A common equality test is similar to

Code:

const double epsilon = ....;
double d1 = ...;
double d2 = ...;

if (abs(d1 - d2) < epsilon)
 // consider d1 and d2 equal.

where epsilon has to be determined depending upon required degree of DP accuracy.

If an equality test is done first and the test fails, then a simple > or < comparison should suffice to test for greater or lesser.

[LMHmedchem]

What do you mean by " some combinations of angles that sum to > 180 degrees?
And what is your primary data: vectors os angles or something else?

The primary data are rows of coordinates, so each of these can be considered as a vector from the origin to the point defined by the coordinates. I am working in 3 dimensions at present, but the algorithm is intended to work in high dimensional n-space.

The algorithm I am working on goes more or less like this,
- take a point in a data set to evaluate: point B (each point is processed in series starting with the closest to the centroid)
- generate a vector from point B to each other point in the data set (call each other point, point A(i), A(j), A(k), etc)
- sum all of the vectors BA(i,n) to create a sum vector BC (call the coordinates of the sum vector head point C)
- calculate the angle between each vector BA(i) and the sum vector BC

If all angles A(i)BC are < 90, point B is classified in category 1.

If any angles A(i)BC are > 90, additional processing is necessary.
- if any angle A(i)BC is > 90, evaluate the sum of the angles for each pair A(i)BC + A(j)BC to look for sums that are > 180.
- if A(i)BC + A(j)BC > 180, evaluate the angle A(i) B A(j)
- if any angle A(i) B A(j) is > 90, point B is classified in category 2
- if no angles A(i) B A(j) are > 90, point B is classified in category 1

The cases where an angle is exactly 90 or exactly 180 are special cases I haven't implemented yet. The algorithm works in 2D, but so far it doesn't work in 3D. I'm not sure why yet.

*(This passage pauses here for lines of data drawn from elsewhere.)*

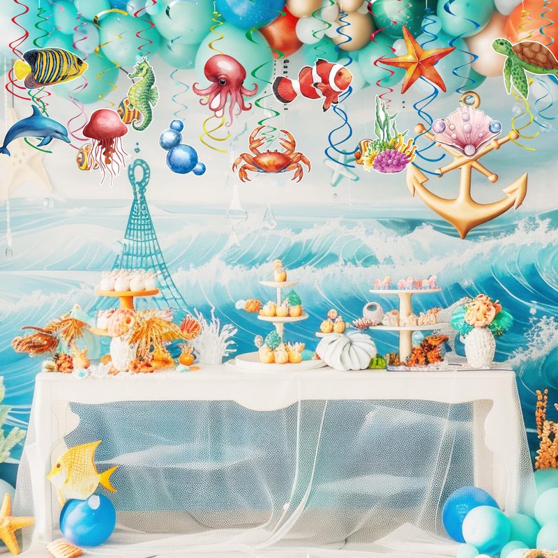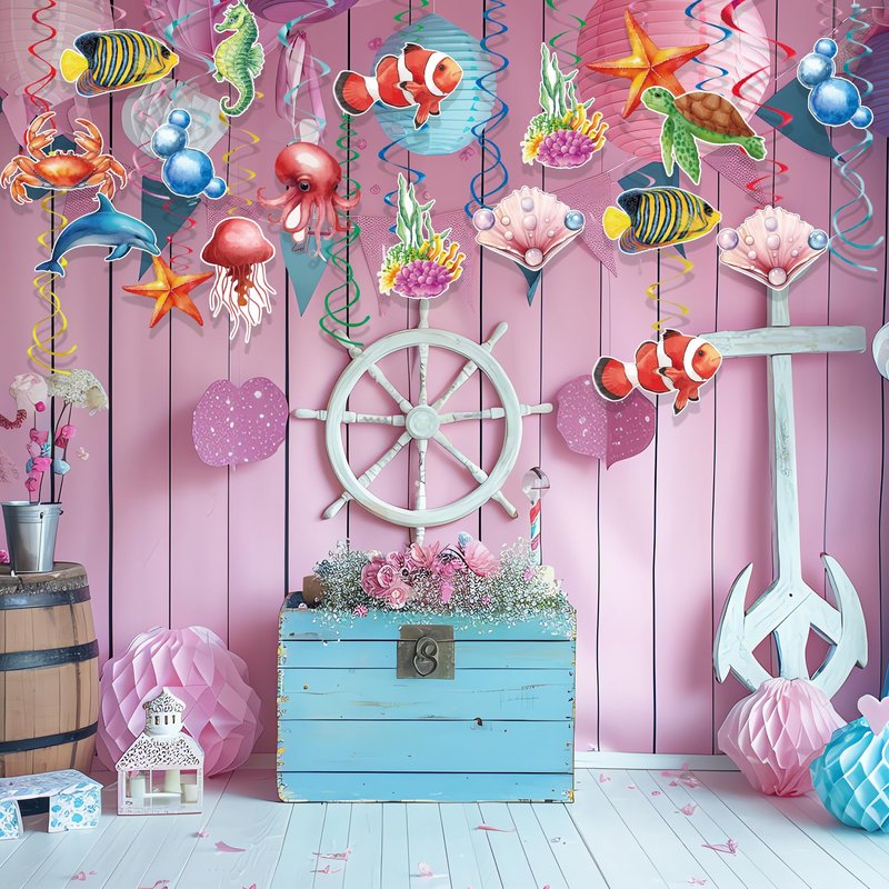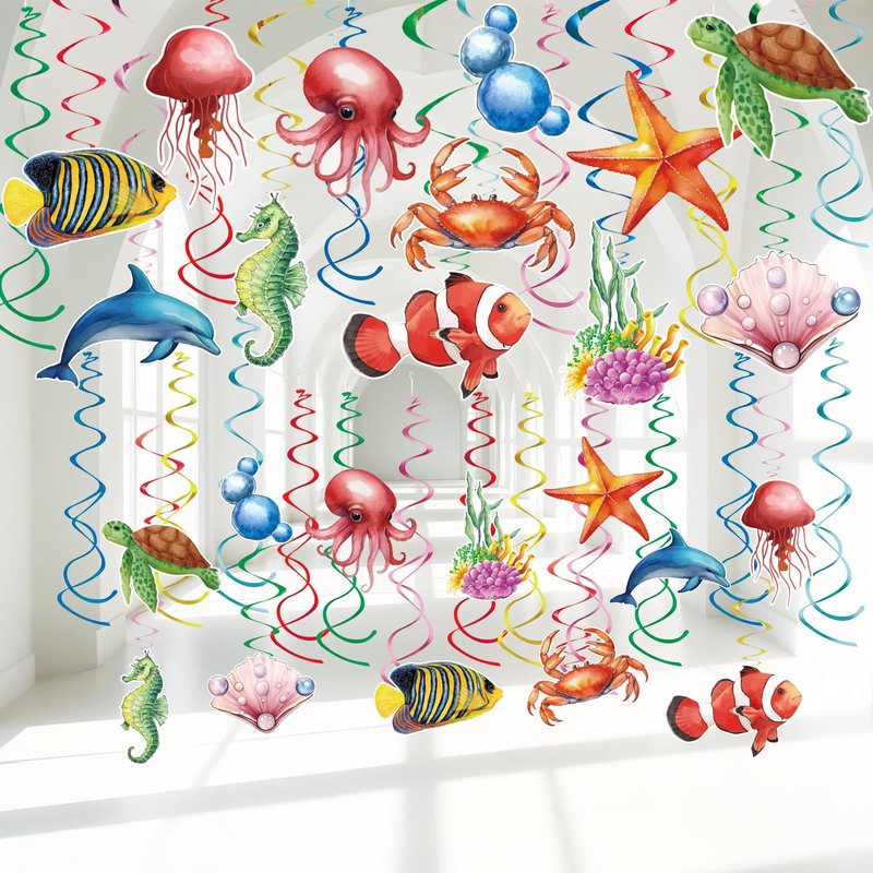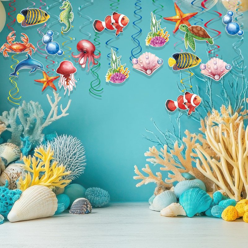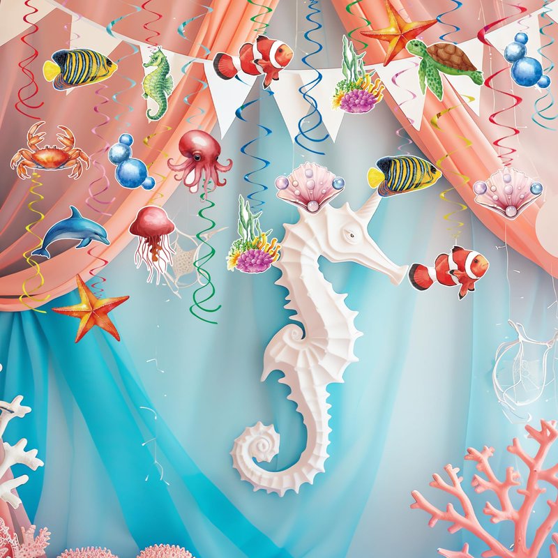 Tropical fish hanging swirl decoration design combines crabs, turtles, starfish, seahorses, octopus, seaweed, seashells and other elements, which will surely add a sense of ambience to your party and create a vibrant mini ocean world.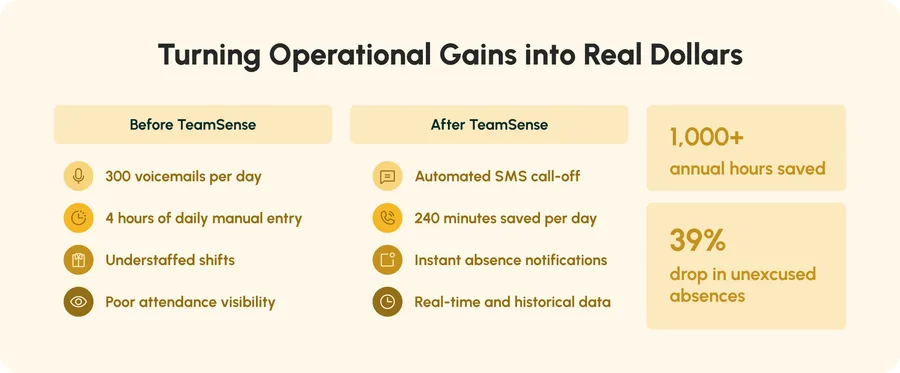 For example, TeamSense’s solution can increase visibility around attendance, cut downtime, and measurably reduce absentee rates. But how does that translate into dollars saved or earned?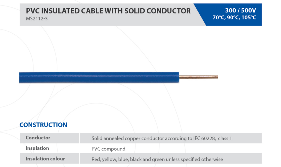 Product Type: PVC Insulated Single Core Cable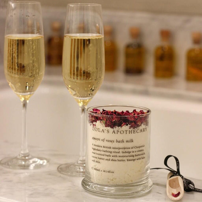 Lola's Apothecary Queen of Roses Bath Milk is a luxurious, creamy bath soak designed to soften the skin and envelop the senses in the delicate fragrance of roses. This indulgent bath milk is infused with real rose petals and rose essential oil, creating a truly romantic and pampering experience. It transforms your bath into a milky oasis, leaving your skin feeling soft, hydrated, and beautifully scented.Key Benefits:- Creates a luxurious and romantic bathing experience - Softens and hydrates the skin - Leaves skin feeling delicately scented with a rose aroma - Transforms your bath into a creamy, milky soak Key Ingredients:- Rose Petals - Rose Essential Oil Product Details:- Available in: 300ml - Made in: United Kingdom Who It's For:This Bath Milk is perfect for anyone seeking a truly indulgent and romantic bathing ritual. It is ideal for those who want to soften their skin, relax their senses, and experience the timeless beauty of roses.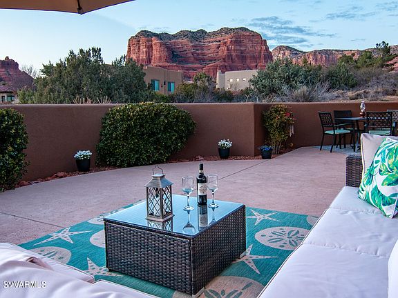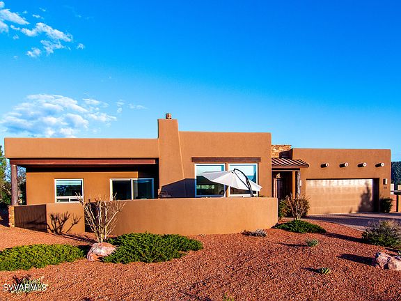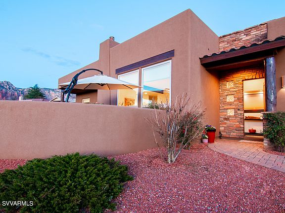 A beautiful southwest style custom build with high ceilings and stunning panoramic views of Castle Rock, Courthouse Butte, Bell Rock and more. The home was built with real intentionality. It features an intuitive layout and design taking full advantage of the oversized front courtyard to capture some of the best views in the area, plus a much more intimate rear patio sheltered by green trees offering a private space.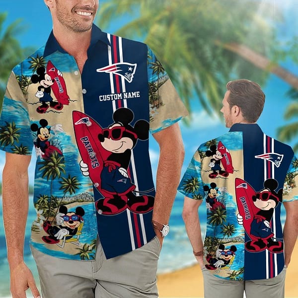 Embrace the Island Spirit: Our Premium New England Patriots Mickey Mouse Custom Name NFL Football Team Hawaiian Shirt

In 3D, what I am generating reminds me of the cross product, but since the vectors AB can be of all different magnitudes, I'm not sure that I can find a pattern in the cross product values that will answer my questions. My apologizes if my math conventions are not right in the description above, it has been quite a while since I did anything in this area.

I can post an excel spreadsheet with some data and plots if my explanation above is not clear, please let me know.

LMHmedchem

[VictorN]

...
If any angles A(i)BC are > 90, additional processing is necessary.
- [хл]if any angle A(i)BC is > 90, evaluate the sum of the angles for each pair A(i)BC + A(j)BC to look for sums that are > 180[/хл].
...

IMHO it makes sense only in case of coplanarity of these pairs. Doesn't it?